Give back exactly the lines of the material below that start at the one holding "2023年5月16日下午,國" and end at the last line, minus the pictures.

__DATA IN THIS EXERCISE__:
....................
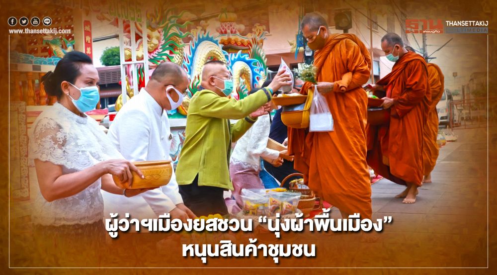 นุ่งผ้าพื้นเมือง หนุนเศรษฐกิจชุมชน ผู้ว่าฯยโสธร พร้อม 2 รองผู้ว่าฯ ชวนชาวจังหวัดยโสธร สวมใส่ผ้าไทยผ้าพื้นเมืองทุกวันอังคารและศุกร์ หรือร่วมงานบุญตามประเพณี เพื่อสืบสานวัฒนธรรม และอุดหนุนสินค้าโอทอป สร้างรายได้แก่ชุมชน
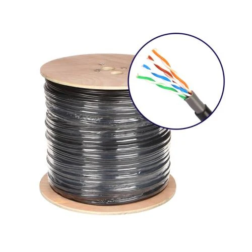 Cable de red de alto rendimiento para instalaciones en exteriores. Soporta velocidades hasta 1 Gbps, con recubrimiento resistente a sol, humedad y condiciones climáticas.
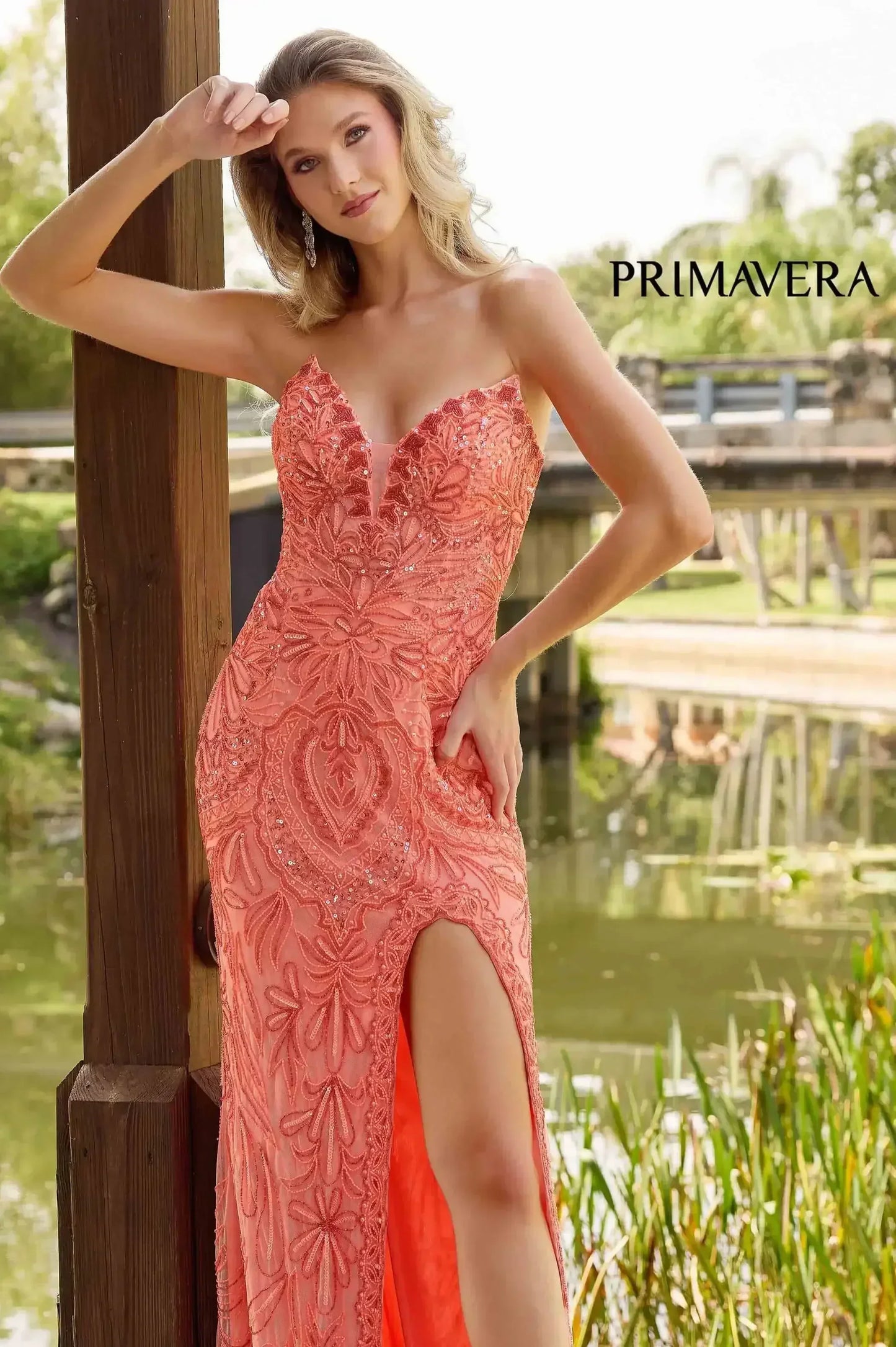 Command attention in the Primavera 4335, a breathtaking strapless fitted gown designed to dazzle. Featuring a flattering V-neckline, this gown is adorned with intricate hand-sewn beads and sequins that shimmer from every angle. The figure-hugging silhouette accentuates your curves, while a daring thigh-high slit and elegant train add movement and glamour. Perfect for prom, pageants, galas, and formal events, this gown delivers timeless sophistication with a bold, modern edge.
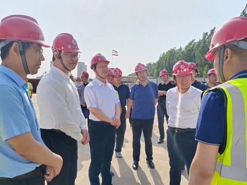 2023年5月16日下午,國務院安委會綜合檢查組對集團七建公司施工的昌樂人民醫院新院區二期項目進行了督導檢查。督導檢查組由應急管理部調查統計司安全監察專員李豪文帶隊,山東省應急廳副廳長彭愛田、昌樂縣縣長桑海強、副縣長張英杰陪同檢查。集團公司安全總監孟憲禮出席活動。
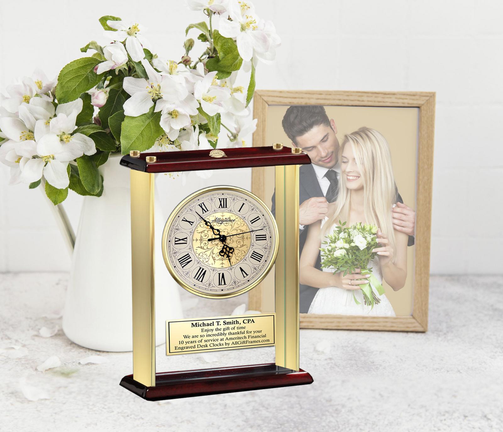 ♥ Personalized elegant tabletop mantel brass gold metal clock, polished cherry wood finish, elegant roman numerals with metal gold finish column and rosewood top and base. An attractive framework timepiece with deluxe quartz movement.
....................
__RESULT BELOW__:
 2023年5月16日下午,國務院安委會綜合檢查組對集團七建公司施工的昌樂人民醫院新院區二期項目進行了督導檢查。督導檢查組由應急管理部調查統計司安全監察專員李豪文帶隊,山東省應急廳副廳長彭愛田、昌樂縣縣長桑海強、副縣長張英杰陪同檢查。集團公司安全總監孟憲禮出席活動。
 ♥ Personalized elegant tabletop mantel brass gold metal clock, polished cherry wood finish, elegant roman numerals with metal gold finish column and rosewood top and base. An attractive framework timepiece with deluxe quartz movement.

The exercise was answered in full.